And earlier this year there was some interesting research published about how LLM’s have an “evil vector” that, if enabled, gets them to act like stereotypical villains.

So it seems pretty clear that characters can lie even if the LLM’s task is just “generate text.”

This is fiction, like playing a role-playing game. But we are routinely talking to LLM-generated ghosts and the “helpful, harmless” AI assistant is not the only ghost it can conjure up.
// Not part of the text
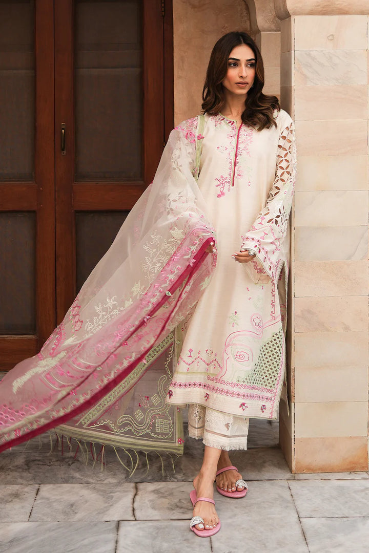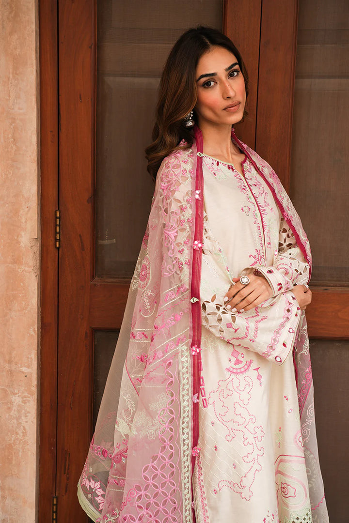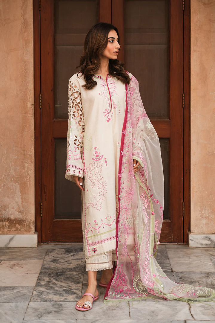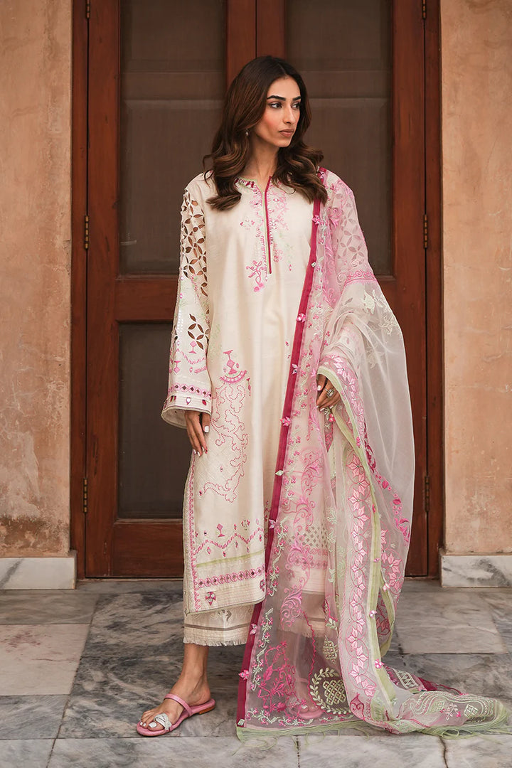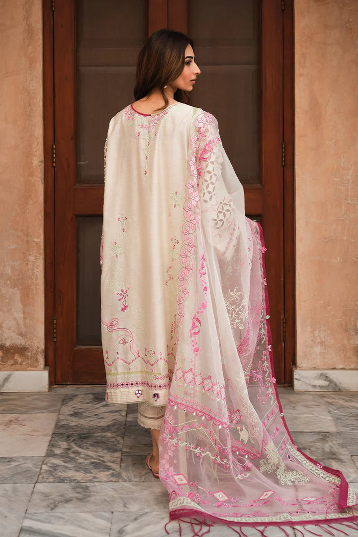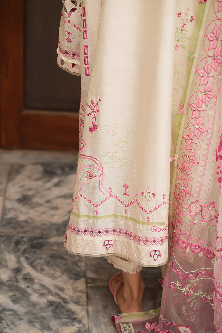 The Noor ensemble is a refined blend of intricate craftsmanship and delicate textures. The khadi silk shirt is adorned with machine embroidery in resham, applique work, cutwork, and mirror detailing. Organza finishing on the neckline and sleeves, along with mirror hangings and pleats, add a graceful touch. The organza dupatta complements the look with applique work, mirror embellishments, and cutwork, finished with pleats, pintucks, shredding, and tassel-adorned mirror hangings.

It’s hard to see how role-playing can be all that harmful for a rational adult, but there are news reports that for some people, it definitely is.

throwaway613745•1mo ago

Lying requires intent by definition. LLMs do not and cannot have intent, so they are incapable of lying. They just produce text. They are software.

pegasus•1mo ago

AFAICT, there are several sources of untruth in a model's output. There are unintentional mistakes in the training data, intentional ones (i.e. lies/misinformation in the training data), hallucinations/confabulations filling in for missing data in the corpus, and lastly, deceptive behavior instilled as a side-effect of alignment/RL training. There is intent of various strength behind of all of these, originating from the people and organization behind the model. They want to create a successful model and are prepared to accept certain trade-offs in order to get there. Hopefully the positives outweigh the negatives, but it's hard to tell sometimes.

nickpsecurity•1mo ago

They mostly imitate patterns in the training material. They do it in response to what gets the reward up for RL training. There's probably lots of examples of both lying and confessions in the training data. So, it should surprise nobody that next, sentence machines fill in a lie or confession in situations similar to ghe training data.

I don't consider that very intelligent or more emergent than other behaviors. Now, if nothing like that was in training data (pure honesty with no confessions), it would be very interesting if it replied with lies and confessions. Because it wasn't pretrained to lie or confess like the above model likely was.

carsoon•1mo ago

These models don't even choose 1 outcome. They list probabilities of ALL the tokens outcomes and the backend program decides to choose the one that is most probable OR a different one.

But in practical usage, if an llm does not rank token probability correctly it will feel the same as it "lying"

They are supposed to do whatever we want them to do. They WILL do what the deterministic nature of their final model outcome forces them to do.

pegasus•1mo ago

Because you want both likeability and factuality and if you try to mash them together they both suffer. The idea is that by keeping them separate you reduce concealment pressure by incentivizing accurate self-reporting, rather than appearing correct.

lloydatkinson•1mo ago

What is this?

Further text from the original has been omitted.